En ese momento, disfrutar de un festín y darse un buen baño sería sin duda lo más placentero.
Así que, cuando Wang Xiaolong terminó de hablar, Zhang Laowai y los demás se apresuraron a subir al coche.
Sin embargo, Fan Erhu se quedó quieto.
—Aunque no es la inauguración oficial, el punto de acopio también es el comienzo de nuestra empresa, ¿no vas a celebrarlo con nosotros?
Wang Xiaolong negó con la cabeza.
—Todavía tengo algunos asuntos que atender.
—¿Hay algo en lo que podamos ayudar?
—Por ahora no, apúrate y llévalos a comer.
—¡De acuerdo!
Llámame si necesitas algo.
Fan Erhu no insistió más y condujo a un grupo de hermanos a un restaurante del municipio.
Mientras tanto, Wang Xiaolong regresó a casa en el triciclo eléctrico.
Aunque el punto de acopio ya estaba instalado, todavía tenía muchos detalles en los que pensar.
Como había dicho antes, este punto de acopio era solo el comienzo de su empresa, y si querían crecer y fortalecerse en el futuro, debían establecer una base sólida.
Como líder, no era momento para frivolidades y dejarse llevar por el disfrute.
Al llegar a casa, se lavó la cara para refrescarse y luego sacó papel y bolígrafo para empezar a dibujar y escribir.

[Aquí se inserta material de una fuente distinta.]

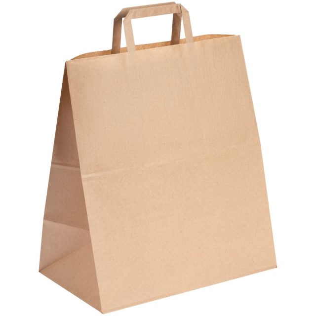 Бумажный пакет с плоскими ручками.Выдерживает нагрузку до 2 кг.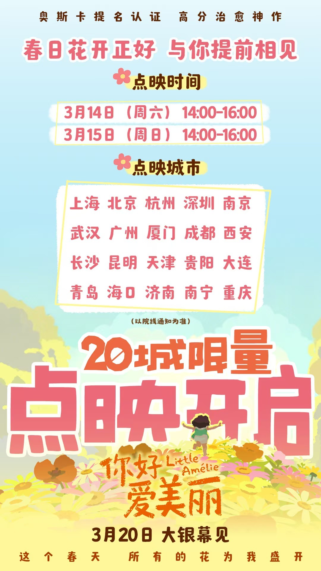 今日释出的“春日暖阳”海报中,爱美丽张开双臂平躺在大地上,沐浴阳光,眼里充满对于世界的好奇,和煦的春光也透露着影片温柔治愈的基调,令观众感受童真的纯粹与生命的美好。同步发布了导演迈利斯·瓦拉德、导演韩良畴给中国观众的独家问候视频,两位导演亲切地向内地观众问好,发出诚挚的观影邀约,映后隔空畅谈幕后创作趣事,一同度过一个惬意的春日午后。 3月14至3月15日,电影将在上海、北京、杭州、深圳、南京、武汉、广州、厦门、成都、西安、长沙、昆明、天津、贵阳、大连、青岛、海口、济南、南宁、重庆开启全国二十城限量点映,3月14日点映期间,北京、上海、深圳、杭州、广州、厦门、成都、武汉、南京、西安十城将举办映后连线活动,邀请知名主持人陈鲁豫与导演迈利斯·瓦拉德、导演韩良畴进行线上连线对谈。本周末走进影院享受一段温馨治愈的时光,与爱美丽一起迎接崭新春天吧!

Pero apenas habían pasado dos minutos cuando, de repente, se oyó el sonido de una frenada brusca fuera del patio.
Inmediatamente después, Fan Erhu entró corriendo a toda prisa.
—¿No te acabas de ir?
¿Qué ha pasado para que estés tan agitado?
—preguntó Wang Xiaolong con sorpresa.
—Acabábamos de salir de la entrada del pueblo cuando el jefe de la aldea Zhang Xingbao me llamó de repente, diciendo que había llovido en las montañas durante medio día, provocando un derrumbe en la Pequeña Colina —dijo Fan Erhu, jadeando.
Al oír esto, Wang Xiaolong se levantó bruscamente.
Por la mañana, había considerado ir a las montañas a buscar hierbas medicinales.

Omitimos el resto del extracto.